昨日なんか変な物でも食べたっけ? と考えながら私は出掛ける準備をした。



 今日は私の誕生日。さて彼氏からのプレゼントはなんだろう? と少し『ワクワク』しながら待ち合わせ場所に向かった。


 街を歩いているとお店のガラスに映る私の頭の上には『ワクワク』の文字がずっと浮かんでいた。思わず『ブンブン』と頭の上を手で払う。たぶん私しか見えてないから気にしなくてもいいとは思うけど、なんかヤダ。



 彼氏は30分遅れてやってきた。「ごめんごめん!」と言いながらハァハァと息を切らしている……が、その息遣いが文字で出ていない。こいつ直前でちょっと走っただけだな。どうやら嘘は文字となって出ないようだ。

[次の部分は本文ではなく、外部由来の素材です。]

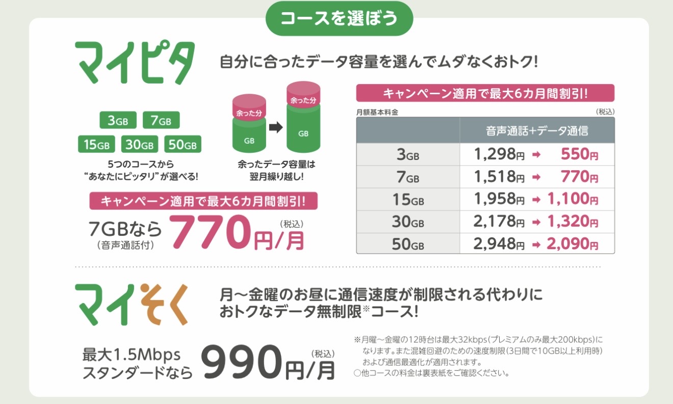 「マイピタ」と「マイそく」どちらかライフスタイルに合ったプランを選んでくださいね!
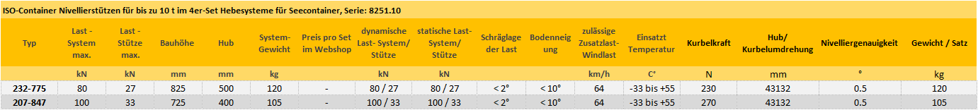 4er Set Container-Nivellierstützen 8251.10 - Container-Last-Systeme bis 100 kN

 一日デートを楽しんだ後、私たちは豪華なディナーに舌鼓を打つ。そしてコース料理を食べ終えたあたりでテーブルにケーキが運ばれてきた。


『ハッピーバースデートゥーユー♪』


 ここは英語で出て欲しかったぁー! と思いつつも私は笑顔を浮かべた。ケーキを食べ終え彼がプレゼントをくれた。小さな箱を『パカッ』と開けると中にはかわいい指輪が『キラン』と光っていた。


「わーありがとう!」


 私は頭の上に♡を浮かべながら指にはめたそのリングを眺めた。その時、ひとりの女性が私たちのテーブルの横をゆっくりと通り過ぎた。なぜか彼の方を『ジロッ』と見ている。その女性と目が合った彼も『ドキッ』としていた。

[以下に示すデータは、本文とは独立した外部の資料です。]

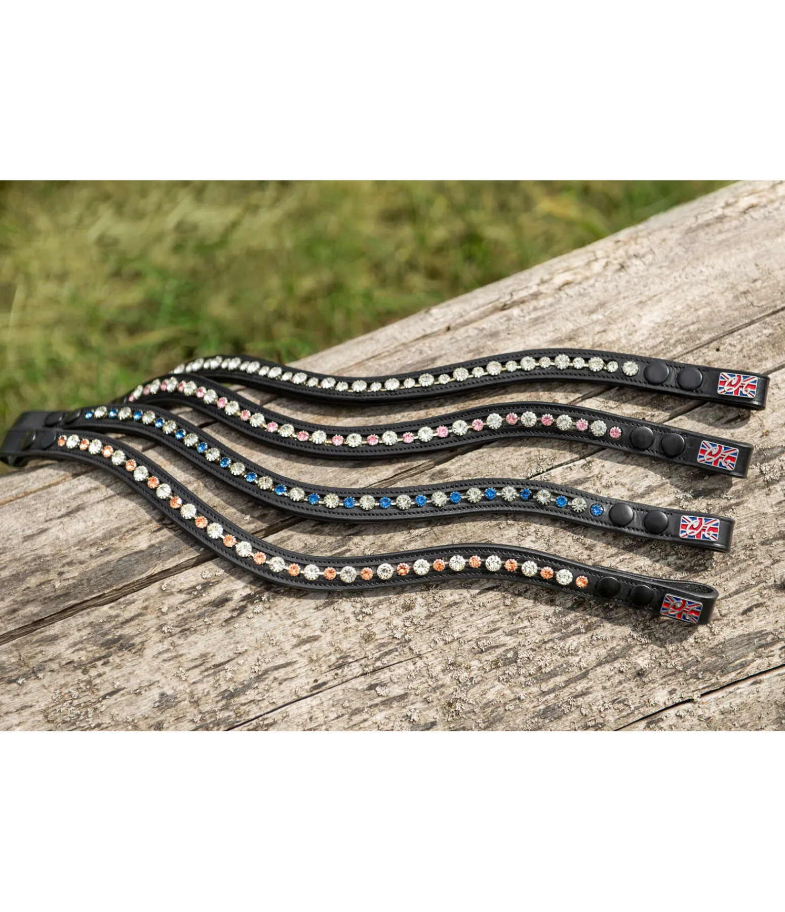Frontal vague en cuir véritable avec petits et gros strass. Facile à fixer grâce aux boutons-pression.

 女性は私たちから見えるテーブルに一人で座った。さっきから彼がずっと『ソワソワ』している。私は少し気になって「知り合い?」と訊いてみた。


『ギクッ!!』という文字と共に彼は「い、いやっ! 知らないよ」と答える。


 私は『ジー』っと彼を見つめた。『ソワソワ』『ドキドキ』『ハラハラ』。彼の周りにそんな文字が次々と浮かぶ。てかさっきから『チラチラ』女の方見てるし。



「浮気した?」


『ギクッーーーー!!!!!!』


 今日一番のでっかい文字が目の前に現れた。


「@£%#&□△◆§!?」


 動揺した彼が文字にならない言葉でなにか喋っている。私は無言で指輪をはずすとテーブルの上に『コトリ』と置いた。そして何も言わずに出口へと向かった。



 最後に『ちらっ』と彼を見るとテーブルにうなだれていた。


 その頭上には『ガーン』という大きな文字が浮かんでいた。